Я заглянул в дверной проём и увидел Хоберка, занятого работой в своей маленькой лавке в конце коридора. Он посмотрел вверх и, заметив меня, воскликнул своим глубоким, радушным голосом: «Входите, мистер Кастень!» Констанция, его дочь, поднялась мне навстречу, когда я переступил порог, и протянула свою хорошенькую ручку, но я заметил румянец разочарования на её щеках и понял, что она ожидала другого Кастеня — моего кузена Луи. Я улыбнулся её смущению и похвалил её за знамя, которое она вышивала по цветной картинке. Старый Хоберк заклёпывал протёртые наголенники какого-то старинного доспеха, и звон! звон! звон! его маленького молотка приятно звучал в причудливой лавке. Вскоре он отложил молоток и чем-то возился с крошечным ключом. Мягкий звон кольчуги пронизал меня волной удовольствия. Я любил слушать музыку стали, скользящей по стали, мягкий удар молота по наголенникам и звон цепной брони. Это была единственная причина, по которой я навещал Хоберка. Он никогда не вызывал во мне личного интереса, равно как и Констанция, если не считать того факта, что она была влюблена в Луи.
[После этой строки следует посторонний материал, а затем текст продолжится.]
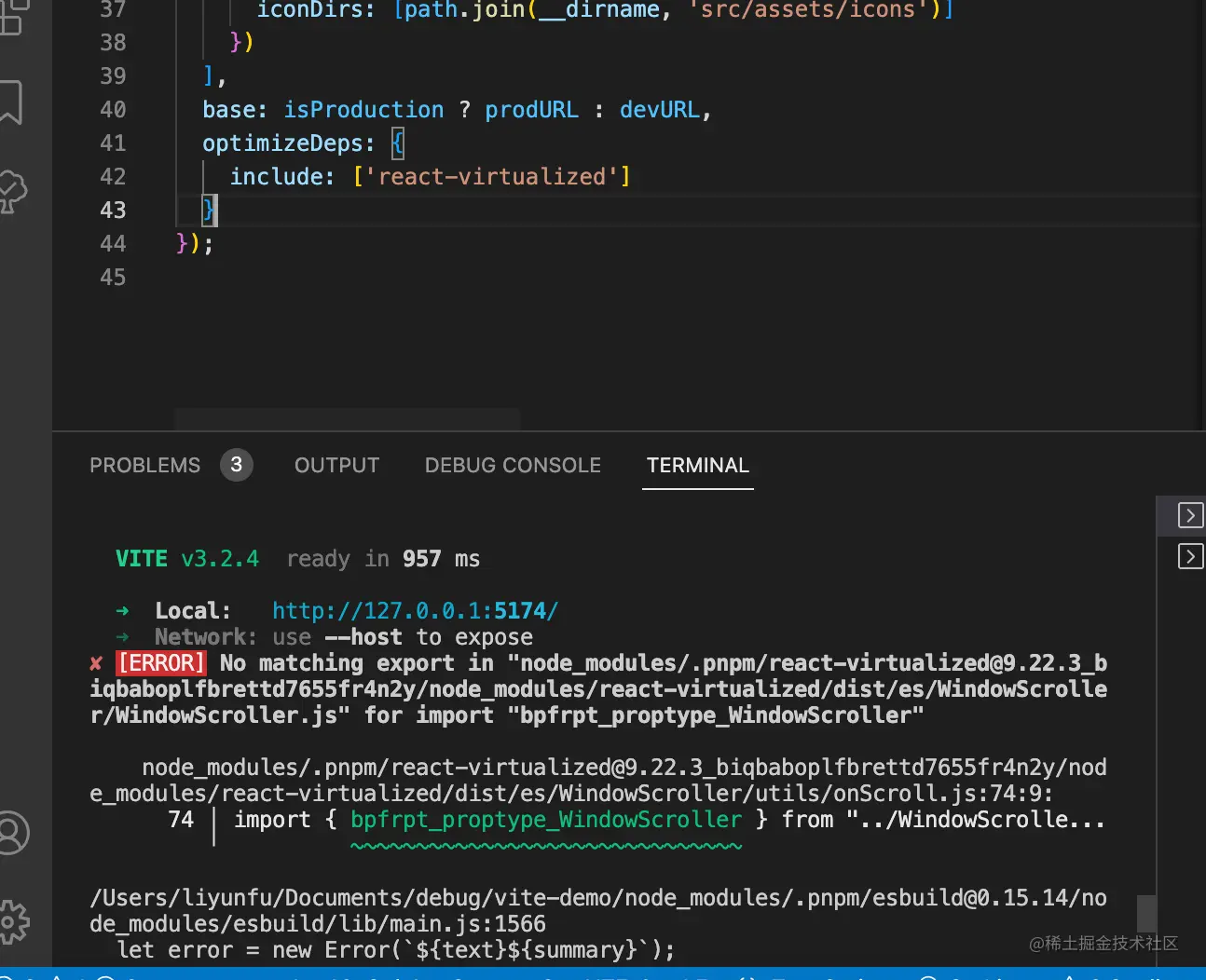 由于我们无法保证第三方包的代码质量,在某些情况下我们会遇到莫名的第三方库报错,例如react-virtualized库,这个库被许多组件库用到,但是他的ESM产物有明显问题,在Vite进行预构建的时候会直接抛出这个错误:

Это обстоятельство занимало мою мысль и иногда даже лишало меня сна. Но я знал в глубине сердца, что всё наладится, и что я устрою их будущее так, как собирался устроить будущее моего добрейшего врача Джона Арчера. Однако я никогда бы не потрудился навещать их в то время, если бы не то, что музыка звенящего молотка оказывала на меня такое сильное воздействие. Я мог часами сидеть, слушая и слушая, и когда случайный солнечный луч падал на инкрустированную сталь, ощущение было почти невыносимо острым. Мои глаза становились неподвижными, расширялись от удовольствия, которое натягивало каждый нерв почти до разрыва, пока какое-нибудь движение старого оружейника не прерывало солнечный луч, и тогда, всё ещё тайно трепеща, я откидывался назад и снова слушал звук полирующей тряпки: шшшш! шшшш! счищающей ржавчину с заклёпок.
Констанция работала над вышивкой, держа её на коленях, время от времени останавливаясь, чтобы повнимательнее рассмотреть узор на цветной картинке из Музея Метрополитена.
«Для кого это?» — спросил я.
Хоберк объяснил, что помимо сокровищ доспехов в Музее Метрополитена, где он был назначен хранителем оружия, он также курировал несколько коллекций, принадлежащих богатым любителям. Это был потерянный наголенник знаменитого доспеха, который один из его клиентов отследил до маленькой лавки в Париже на Кэ д'Орсе. Хоберк вёл переговоры о наголеннике и приобрел его, и теперь доспех был полным. Он отложил молоток и прочитал мне историю доспеха, прослеженную с 1450 года от владельца к владельцу, пока его не приобрел Томас Стейнбридж. Когда его великолепную коллекцию распродали, один из клиентов Хоберка купил доспех, и с тех пор поиск потерянного наголенника велся настойчиво, пока тот почти случайно не был обнаружен в Париже.
«Вы продолжали поиски с такой настойчивостью, не имея никакой уверенности в том, что наголенник ещё существует?» — потребовал я ответа.
«Конечно же, — ответил он спокойно.
Тогда я впервые проникся к Хоберку личным интересом.
«Это стоило вам чего-нибудь», — рискнул я предположить.
«Нет, — рассмеялся он, — мою награду составило само удовольствие от находки».
«Разве вы не амбициозны стать богатым?» — спросил я, улыбаясь.
«Моя единственная амбиция — быть лучшим оружейником в мире», — ответил он серьёзно.
Констанция спросила меня, видел ли я церемонии в Летальной палате. Она сама заметила кавалерию, проходившую по Бродвею тем утром, и хотела увидеть торжественное открытие, но её отец хотел, чтобы знамя было готово, и она осталась по его просьбе.
«Видели ли вы там своего кузена, мистера Кастеня?» — спросила она с едва заметным трепетом своих мягких ресниц.
«Нет, — ответил я небрежно. — Полк Луи манёвров проводит в округе Уэстчестер». Я встал и взял свою шляпу и трость.
«Вы идёте наверх к сумасшедшему?» — рассмеялся старый Хоберк. Если бы Хоберк знал, как я ненавижу это слово «сумасшедший», он бы никогда не использовал его в моём присутствии. Оно пробуждает во мне определённые чувства, которые я предпочитаю не объяснять. Однако я спокойно ответил ему: «Думаю, я заскочу навестить мистера Уайльда на минуту-другую».